▶ [WHAT YOU ARE ASKED TO DO]
Every entry in the data is to be written out exactly; no picture belongs in the copy.
::: RECORDS FOR THE EXERCISE
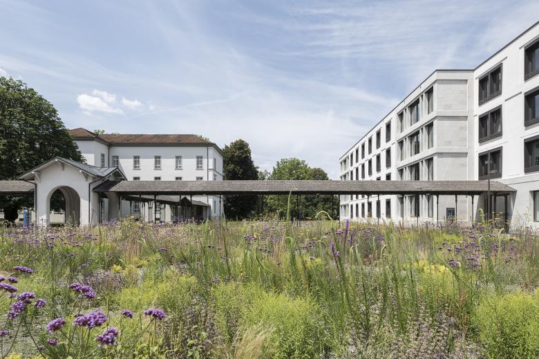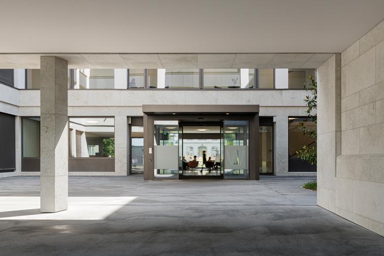 Das alte Hauptgebäude der Klinik schreibt sich als grossmassstäbliche Anlage mit einer Art Cour d’honneur in den Kontext des Königsfelder-Parks ein. Der Neubau bildet ein Gegenüber des Hauptgebäudes, fasst den Hofraum zur Nordseite und macht ihn zu einem öffentlichen Teil der Parkanlage. Die zentrale Achse des Hauptgebäudes wird mit dem Neubau gestärkt und das Ensemble wird an die neue Hauptachse des Klinikareals angebunden.
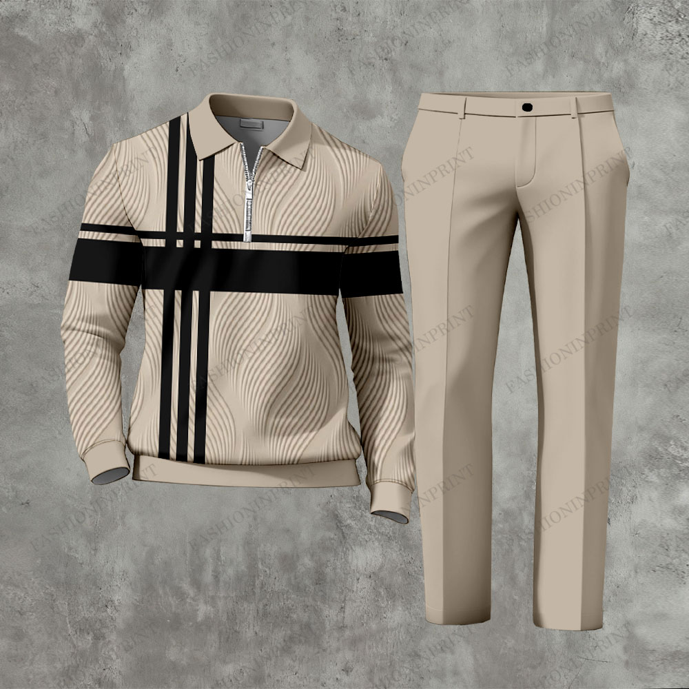 Men's Casual Khaki & Black Color Matching Geometric Printed Zipper Long Sleeved Polo Shirt & Trousers Two-Piece Set
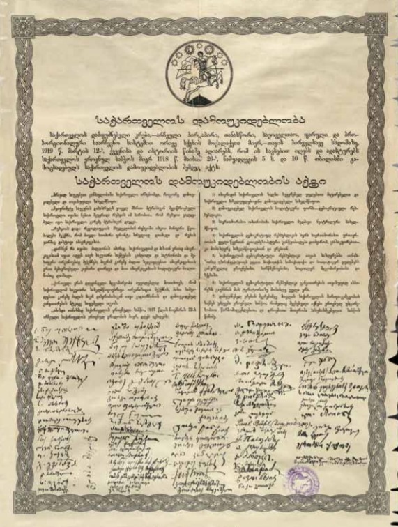 1918 წლის 26 მაისს, 17 საათსა და 10 წუთზე, ყოფილი მეფისნაცვლის სასახლეში ეროვნული საბჭოს თავმჯდომარემ ნოე ჟორდანიამ დამსწრეთა წინაშე საქართველოს დამოუკიდებლობის აქტი წაიკითხა, რომლის პირველივე მუხლი აცხადებდა – „ამიერიდგან საქართველოს ხალხი სუვერენულუფლებათა მატარებელია და საქართველო სრულუფლებოვანი დამოუკიდებელი სახელმწიფოა“.
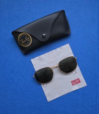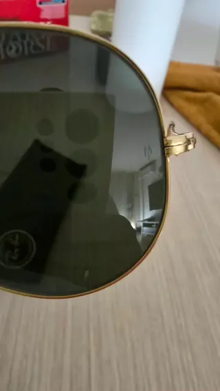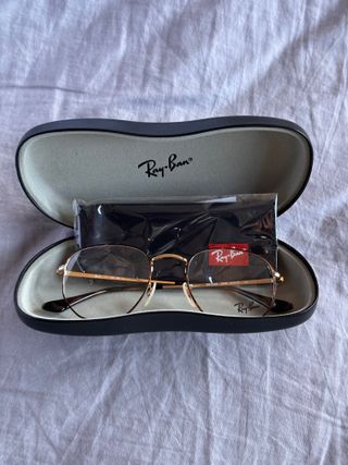 Gafas de sol Ray-Ban con un diseño icónico. - Montura con detalles dorados. - Lentes oscuras. Leve roce en la lente, casi imperceptible No impide la buena visibilidad
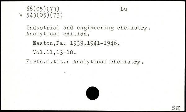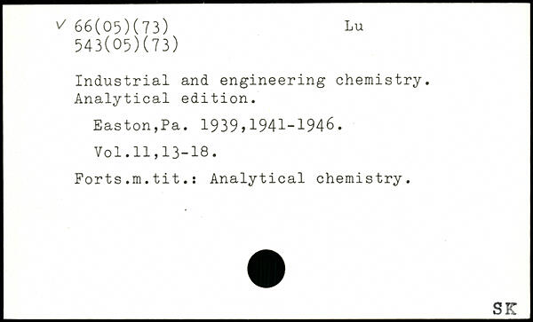 Industrial and engineering chemistry. Analytical edition. Easton,Pa. 1939,1941-1946.
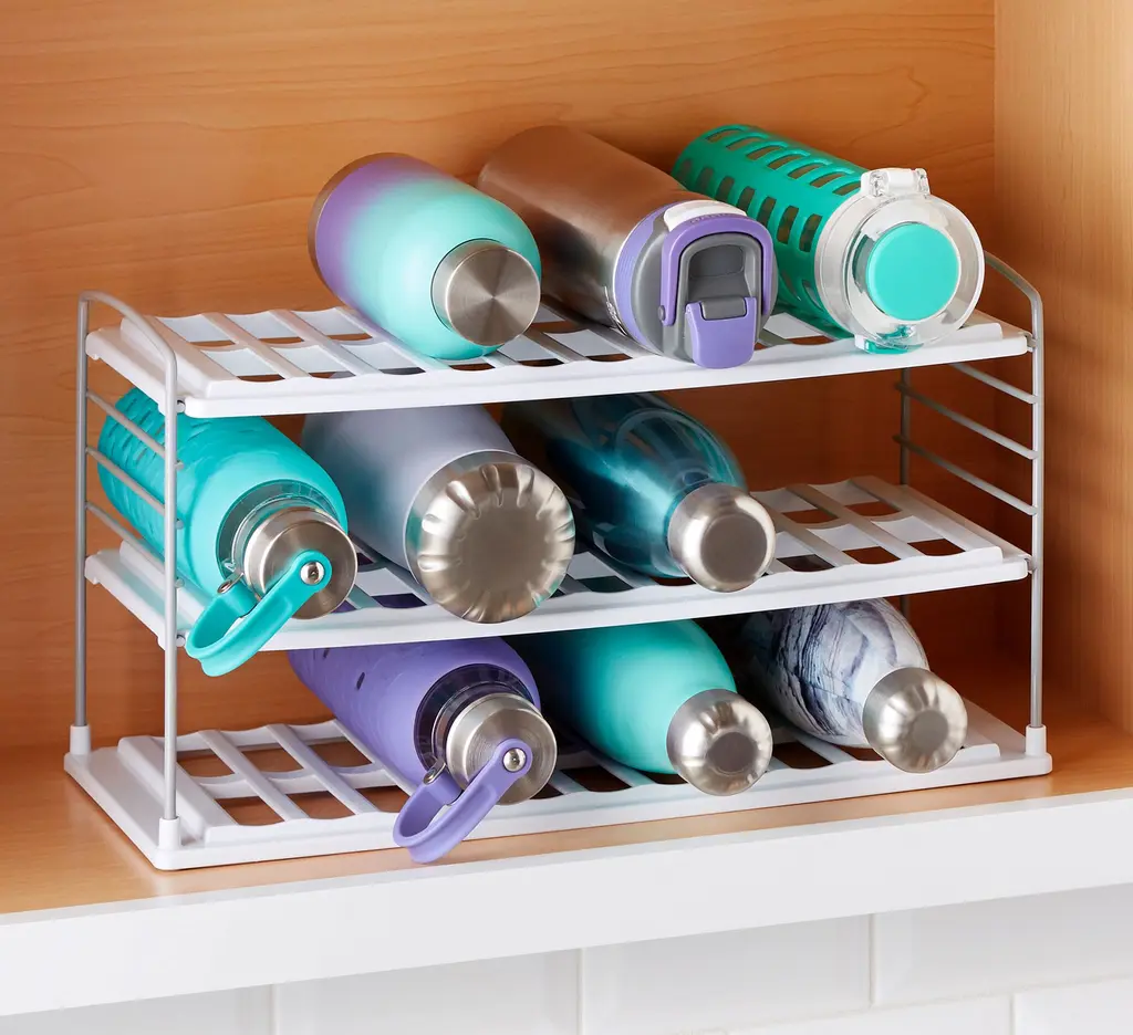 Upspace bottle organizer stores bottles horizontally. Shelf can be adjusted to fit any size bottle. Snaps together in one minute. Holds up to 20 lbs.
::::::
▶ [SOLVED EXERCISE]
 Das alte Hauptgebäude der Klinik schreibt sich als grossmassstäbliche Anlage mit einer Art Cour d’honneur in den Kontext des Königsfelder-Parks ein. Der Neubau bildet ein Gegenüber des Hauptgebäudes, fasst den Hofraum zur Nordseite und macht ihn zu einem öffentlichen Teil der Parkanlage. Die zentrale Achse des Hauptgebäudes wird mit dem Neubau gestärkt und das Ensemble wird an die neue Hauptachse des Klinikareals angebunden.
 Men's Casual Khaki & Black Color Matching Geometric Printed Zipper Long Sleeved Polo Shirt & Trousers Two-Piece Set
 1918 წლის 26 მაისს, 17 საათსა და 10 წუთზე, ყოფილი მეფისნაცვლის სასახლეში ეროვნული საბჭოს თავმჯდომარემ ნოე ჟორდანიამ დამსწრეთა წინაშე საქართველოს დამოუკიდებლობის აქტი წაიკითხა, რომლის პირველივე მუხლი აცხადებდა – „ამიერიდგან საქართველოს ხალხი სუვერენულუფლებათა მატარებელია და საქართველო სრულუფლებოვანი დამოუკიდებელი სახელმწიფოა“.
 Gafas de sol Ray-Ban con un diseño icónico. - Montura con detalles dorados. - Lentes oscuras. Leve roce en la lente, casi imperceptible No impide la buena visibilidad
 Industrial and engineering chemistry. Analytical edition. Easton,Pa. 1939,1941-1946.
 Upspace bottle organizer stores bottles horizontally. Shelf can be adjusted to fit any size bottle. Snaps together in one minute. Holds up to 20 lbs.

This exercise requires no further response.